Our diagnostic settings primarily comprised the Emergency Department and inpatient scenarios, including a spectrum of units such as Internal Medicine, Pneumology, Infectious Diseases, and Cardiology. The diagnosis was only occasionally confirmed in an outpatient setting, and this was limited to cases of VTE unrelated to COVID-19. Interestingly, possibly due to the specific working and structural setup of our Emergency Department, there were no acute cases managed in an Intensive Short-Term Observation setting. While this could also be attributed to the specific “labeling” of the area in which patients underwent prolonged multi-parameter monitoring (such as waiting areas, emergency cubicles, etc.), this element underscores the need for a more effective diagnostic–therapeutic and monitoring pathway, as commonly observed in numerous hospital and organizational settings. This pathway should enable the timely identification of patients who, despite not meeting baseline criteria for immediate discharge or clear indications for hospitalization, could benefit from close monitoring by the Emergency Department. Following this monitoring, any uncertainty regarding the possibility of discharge with territorial management can be resolved, leading either to redirection to the primary care physician or a decision for hospitalization.

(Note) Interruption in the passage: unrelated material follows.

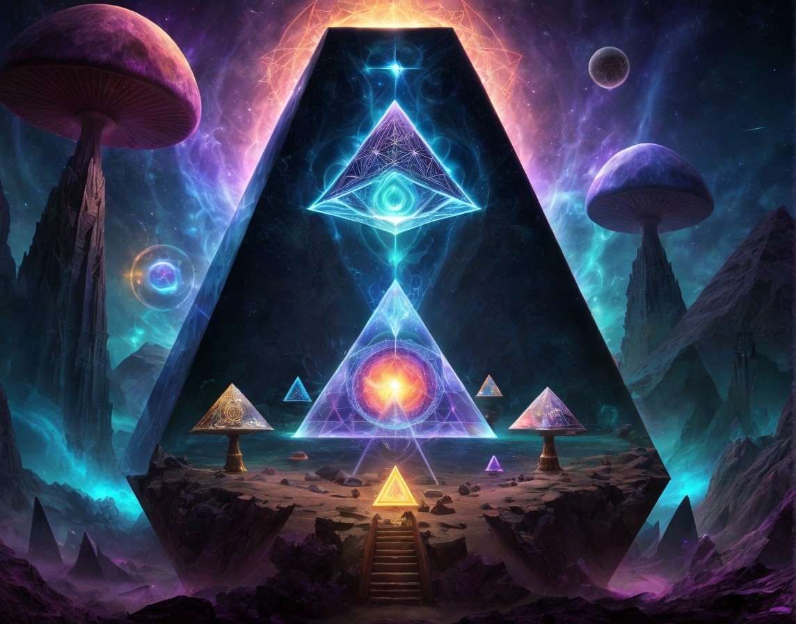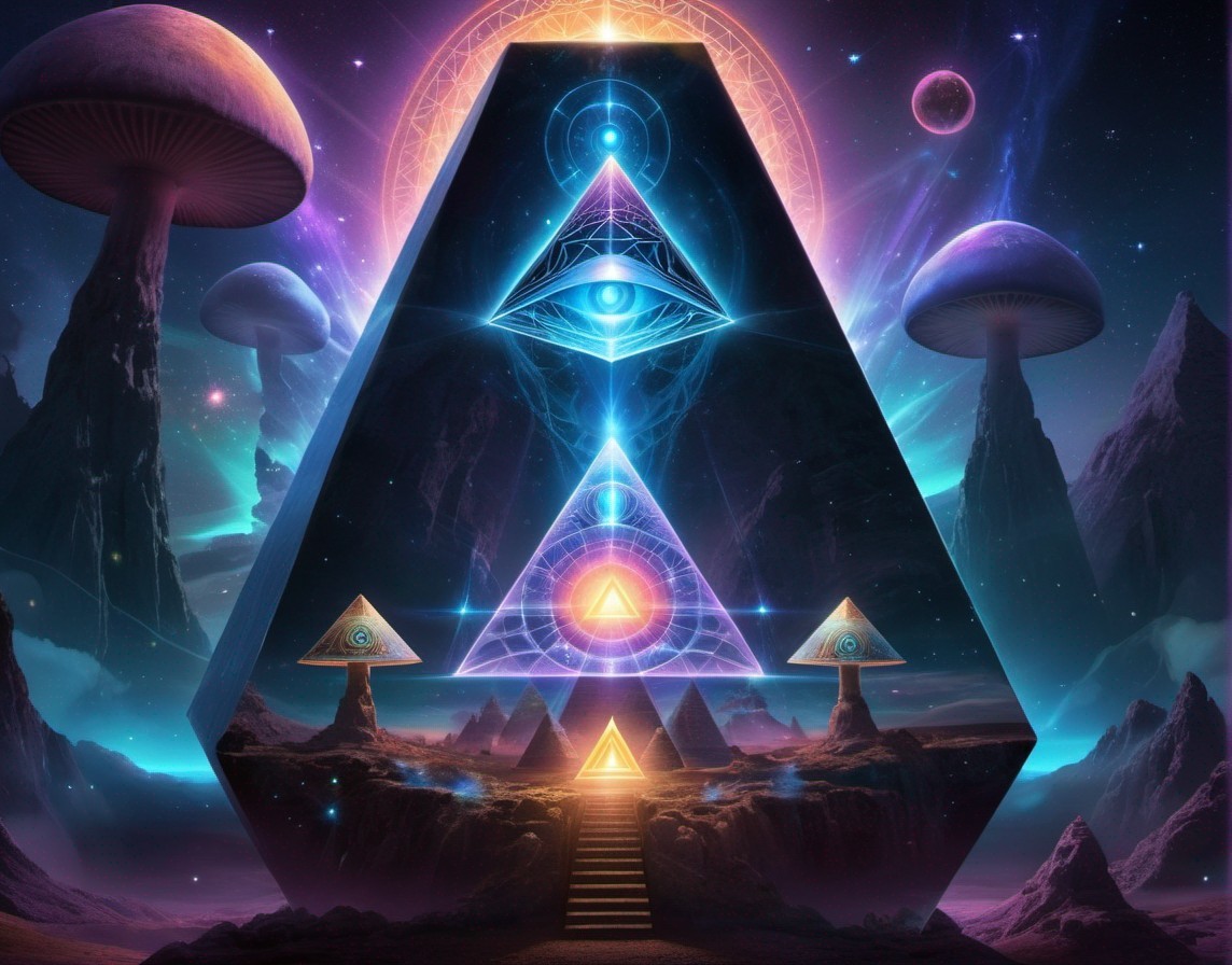 A vibrant digital art with a mystical pyramid, an all-seeing eye, glowing mushrooms, planets, and a cosmic backdrop.
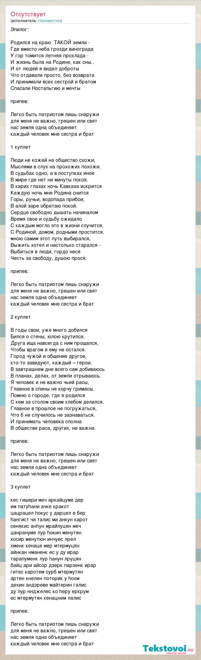 Эпилог: Родился на краю ТАКОЙ земли - Где вместо неба грозди винограда У гор томится летняя прохлада - И жизнь была на Родине, как сны.. И от людей я видел доброты Что отдавали просто, без возврата И принимали всех сестрой и братом Спасали Ностальгию и мечты припев: Легко быть патриотом лишь снаружи для меня не важно, грешен или свят нас земля одна объединяет каждый человек мне сестра и брат 1 куплет Люди не кожей на общество схожи, Мыслями в слух на прохожих похожи. В судьбах одно, а в поступках иное В мире где нет ни минуты покоя. В карих глазах ночь Кавказа искрится Каждую ночь мне Родина снится Горы, ручьи, водопада прибои, В алой заре обретаю покой. Сердце свободно дышать начиналом Время свое и судьбу ожидало С каждым могло это в жизни случится, С Родиной, домом, родными простится. мною самим этот путь выбирался, Выжить хотел и настолько старался - Выбиться в люди, гордо неся Честь за свободу, душою прося. припев: Легко быть патриотом лишь снаружи для меня не важно, грешен или свят нас земля одна объединяет каждый человек мне сестра и брат 2 куплет В годы свои, уже много добился Бился о стены, юлою крутился. Друга ища навсегда с ним прощался, Чтобы врагом я ему не остался. Город чужой и общение другое, кто-то завидуют, каждый – герои. В завтрашнем дне всего сам добиваюсь В планах, делах, от земли отрываюсь. Я человек и не важно чьей расы, Главное в спины не корчу гримасы. Помню о городе, где я родился С кем за столом своим хлебом делился. Главное в прошлое не погружаться, Что б не случилось не зазнаваться. И принимать человека сполна В обществе раса, других, не важна. припев: Легко быть патриотом лишь снаружи для меня не важно, грешен или свят нас земля одна объединяет каждый человек мне сестра и брат 3 куплет кес гишери меч аркайцуме дер им патуhани ачке кракот цацрацел hокус у дарцел е бер hангист чи талис ми анкун карот сенякис анhун мрайлуцян меч цанрануме лур hокин менутян хосир менутюн инчуес лрел хменк кенаце мер мтермуцян айнкан нманенк ес у ду ирар тарапуменк лур hанун лруцян байц ари айсор дзерк парзенк ирар гитес каротем сурб мтермутян артен кнелен поторик у hохм дехин андзреве майтерин галис ду лур ннджелес ко hеру еркрум ес мтермутян кенацнем лалис припев: Легко быть патриотом лишь снаружи для меня не важно, грешен или свят нас земля одна объединяет каждый человек мне сестра и брат

Enoxaparin emerged as the predominant therapy, especially in emergency settings, in both COVID-19 and non-COVID-19 VTE patients. This preference may reflect the perceived pleiotropic effects of enoxaparin [29], coupled with a persistent hesitancy to adopt Direct Oral Anticoagulants (DOACs) in acute settings. However, our data indicate an early shift towards DOACs for long-term management in both categories, predominantly occurring from the first outpatient assessment onward, in alignment with contemporary recommendations.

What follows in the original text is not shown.